[Stored entries]
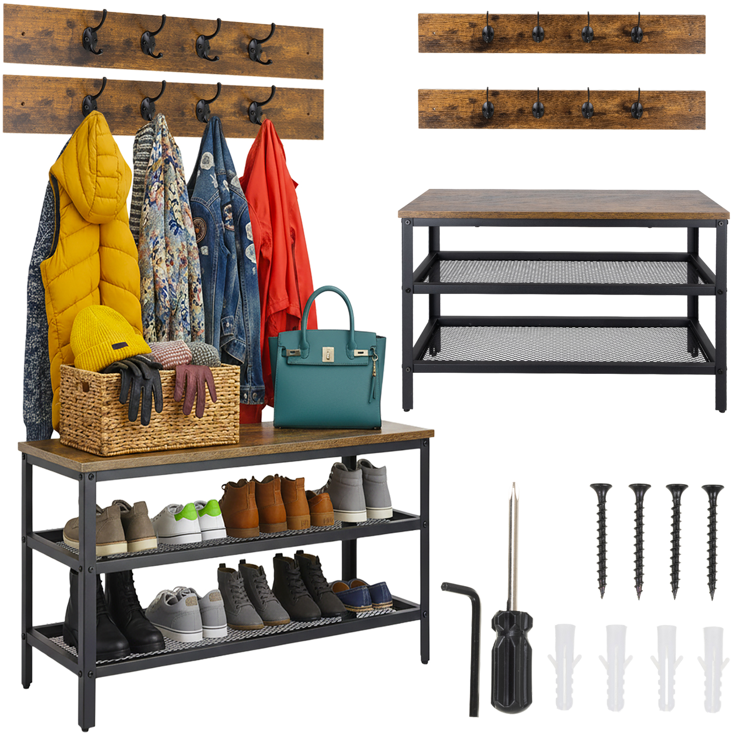 Praktiline 3-ühes lahendus, kus on olemas jalatsiriiul, istumispink ja nagid. Kaks metallist võrguriiulit mahutavad mitu paari jalanõusid ning pruun MDF-ist pealisplaat lisab esikule soojust ja loft-stiili. Pulbervärvitud terasraam tagab stabiilsuse ja vastupidavuse, ning komplektis olevate tarvikutega on kokkupanek kiire ja lihtne.
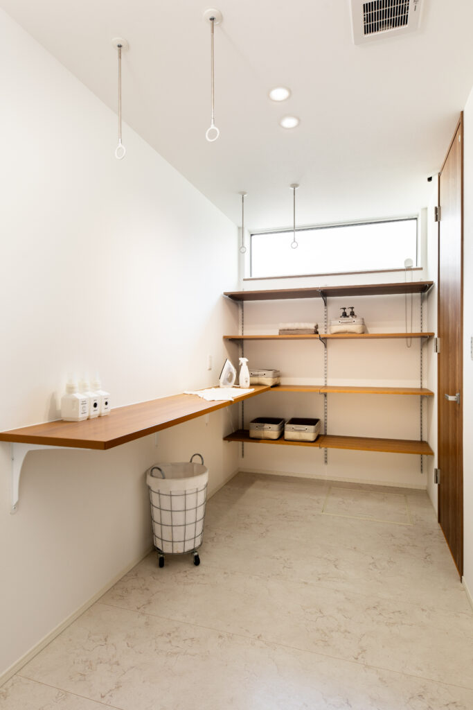 キッチン⇒パントリー⇒ドライルームへと一直線に抜ける動線で、家事効率をアップ。 お料理と洗濯を同時進行でき、毎日の暮らしがぐっと快適になります。
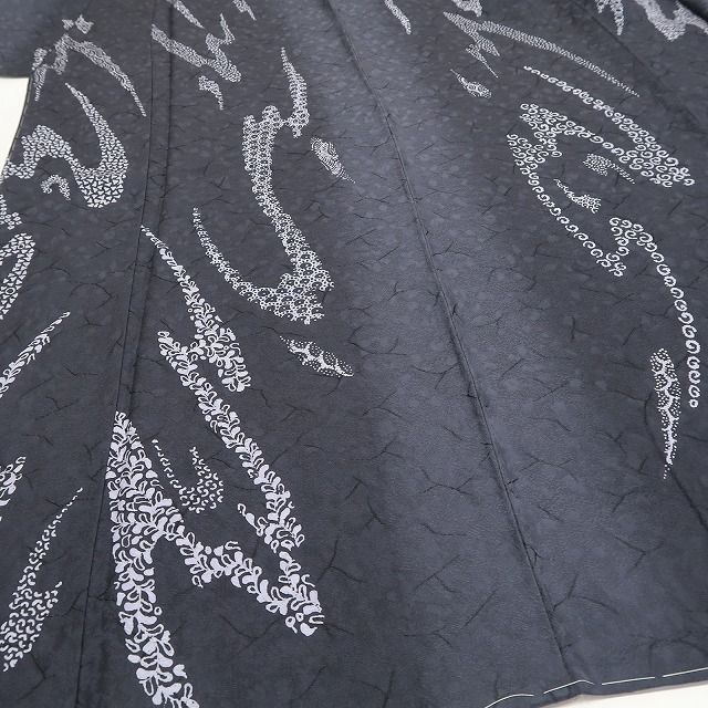 平和屋着物 石川県指定無形文化財 牛首紬 白山工房 手織り 立波花鳥文 正絹 AABC4842zg
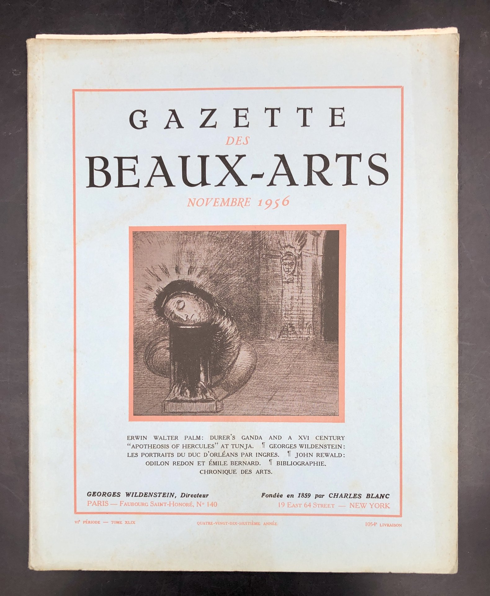 Il saggio su DURER, il rinoceronte e l'elefante ecc. occupa 16 pagine con 8 riproduzioni. Il fasc. in-4° (cm. 28,5x23), bross. edit. ill., è intonso e completo delle sue 64 pagine e contiene inoltre: 1) John REWALD, "Quelques notes et documents sur Odilon REDON" + la riprod. fac.simile di uno studio di 12 pagine, incluse le ricche annotazioni a margine di Emile BERNARD su Odilon Redon. 20 pagine con Ritr. FOTOGR. e 12 RIPROD. di disegni e dipinti. Il fitto fervido studio di Emile Bernard, pubblicato su "L'Occident" nel maggio 1904, e qui riprodotto con le numerose annotazioni di pugno del Bernard, occupa 12 pagine. Il fasc. è integro nelle sue 64 pp. + 6 pp. di Chronique, contiene ioltre: 2) Georges Wildenstein. Les portraits du Duc dìOrléans par INGRES.
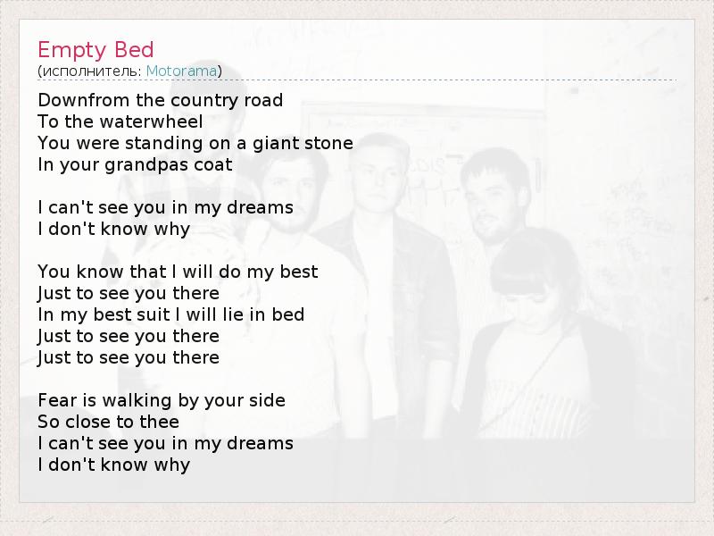 А как ты думаешь, о чем песня "Empty Bed" ?
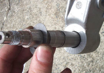 The first step is to fit the washer on the bare 200mm axle. Either way is fine.
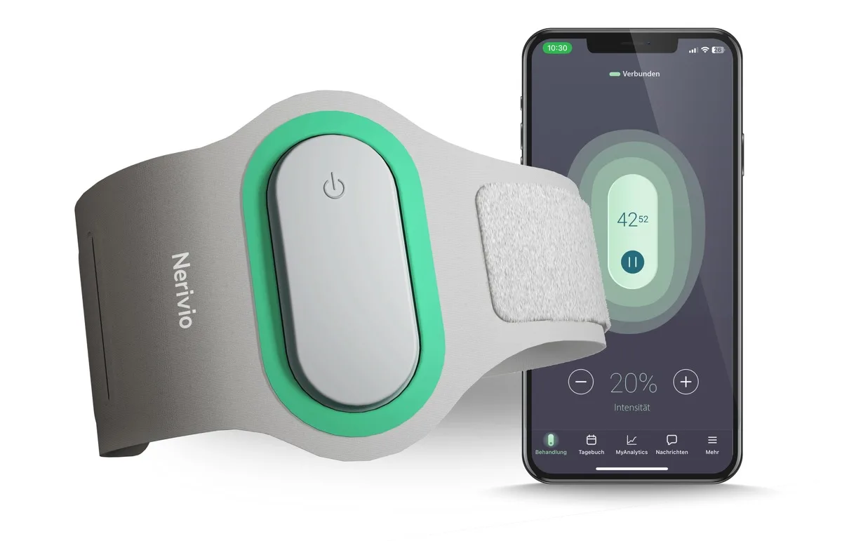 Nerivio® ist ein verschreibungspflichtiges, nicht-invasives Gerät für die akute und vorbeugende Behandlung von Migräne mit oder ohne Aura für Erwachsene und Jugendliche ab 12 Jahren. Nerivio® kann am Oberarm getragen werden und wird über eine Smartphone-App gesteuert. Jedes Neuromodulations-Armband ist auf 18 Anwendungen mit einer Dauer von je 45 Minuten ausgelegt. Es sollte innerhalb von 60 Minuten nach Beginn der Kopfschmerzen oder der Aura[3] zur akuten Behandlung von Migräne oder jeden zweiten Tag zur Vorbeugung eingesetzt werden. Das Gerät nutzt den Mechanismus der Remote Electrical Neuromodulation (REN), um die körpereigene konditionierte Schmerzmodulation (CPM) zu aktivieren. Das geschieht durch die Stimulierung nozizeptiver Nervenrezeptoren am Oberarm, welche die natürliche Schmerzlinderung im Hirnstamm aktivieren. So wird der Migräneschmerz gelindert[4].
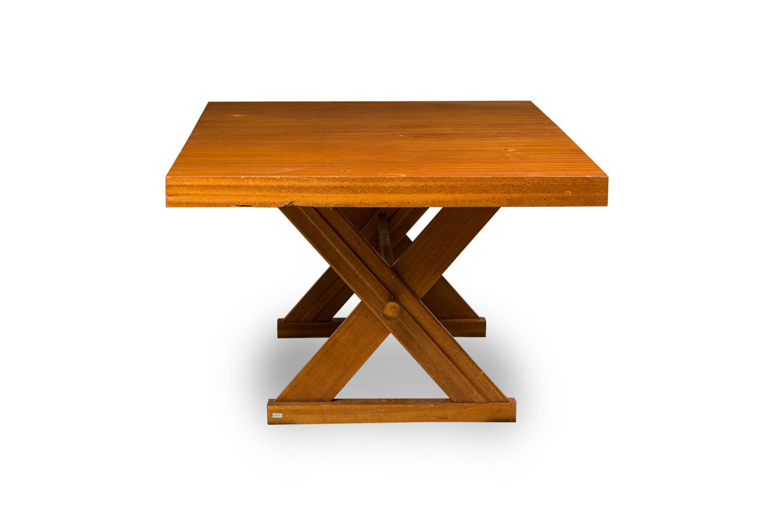 Mid-Century American light mahogany dining table including 2 rectangular leaves for the top, the base consisting of 2 beveled "X" supports anchored to a mid section horizontal stretcher. (labeled, PAUL LASZLO FOR BROWN-SALTMAN) (Companion chairs: set: REG4079, armchairs: REG4079A, side chairs: REG4079B).

● **Exercise**:
Your answer should be an exact copy of the records above, with no pictures in it.

● **Completed exercise**:
 Praktiline 3-ühes lahendus, kus on olemas jalatsiriiul, istumispink ja nagid. Kaks metallist võrguriiulit mahutavad mitu paari jalanõusid ning pruun MDF-ist pealisplaat lisab esikule soojust ja loft-stiili. Pulbervärvitud terasraam tagab stabiilsuse ja vastupidavuse, ning komplektis olevate tarvikutega on kokkupanek kiire ja lihtne.
 キッチン⇒パントリー⇒ドライルームへと一直線に抜ける動線で、家事効率をアップ。 お料理と洗濯を同時進行でき、毎日の暮らしがぐっと快適になります。
 平和屋着物 石川県指定無形文化財 牛首紬 白山工房 手織り 立波花鳥文 正絹 AABC4842zg
 Il saggio su DURER, il rinoceronte e l'elefante ecc. occupa 16 pagine con 8 riproduzioni. Il fasc. in-4° (cm. 28,5x23), bross. edit. ill., è intonso e completo delle sue 64 pagine e contiene inoltre: 1) John REWALD, "Quelques notes et documents sur Odilon REDON" + la riprod. fac.simile di uno studio di 12 pagine, incluse le ricche annotazioni a margine di Emile BERNARD su Odilon Redon. 20 pagine con Ritr. FOTOGR. e 12 RIPROD. di disegni e dipinti. Il fitto fervido studio di Emile Bernard, pubblicato su "L'Occident" nel maggio 1904, e qui riprodotto con le numerose annotazioni di pugno del Bernard, occupa 12 pagine. Il fasc. è integro nelle sue 64 pp. + 6 pp. di Chronique, contiene ioltre: 2) Georges Wildenstein. Les portraits du Duc dìOrléans par INGRES.
 А как ты думаешь, о чем песня "Empty Bed" ?
 The first step is to fit the washer on the bare 200mm axle. Either way is fine.
 Nerivio® ist ein verschreibungspflichtiges, nicht-invasives Gerät für die akute und vorbeugende Behandlung von Migräne mit oder ohne Aura für Erwachsene und Jugendliche ab 12 Jahren. Nerivio® kann am Oberarm getragen werden und wird über eine Smartphone-App gesteuert. Jedes Neuromodulations-Armband ist auf 18 Anwendungen mit einer Dauer von je 45 Minuten ausgelegt. Es sollte innerhalb von 60 Minuten nach Beginn der Kopfschmerzen oder der Aura[3] zur akuten Behandlung von Migräne oder jeden zweiten Tag zur Vorbeugung eingesetzt werden. Das Gerät nutzt den Mechanismus der Remote Electrical Neuromodulation (REN), um die körpereigene konditionierte Schmerzmodulation (CPM) zu aktivieren. Das geschieht durch die Stimulierung nozizeptiver Nervenrezeptoren am Oberarm, welche die natürliche Schmerzlinderung im Hirnstamm aktivieren. So wird der Migräneschmerz gelindert[4].
 Mid-Century American light mahogany dining table including 2 rectangular leaves for the top, the base consisting of 2 beveled "X" supports anchored to a mid section horizontal stretcher. (labeled, PAUL LASZLO FOR BROWN-SALTMAN) (Companion chairs: set: REG4079, armchairs: REG4079A, side chairs: REG4079B).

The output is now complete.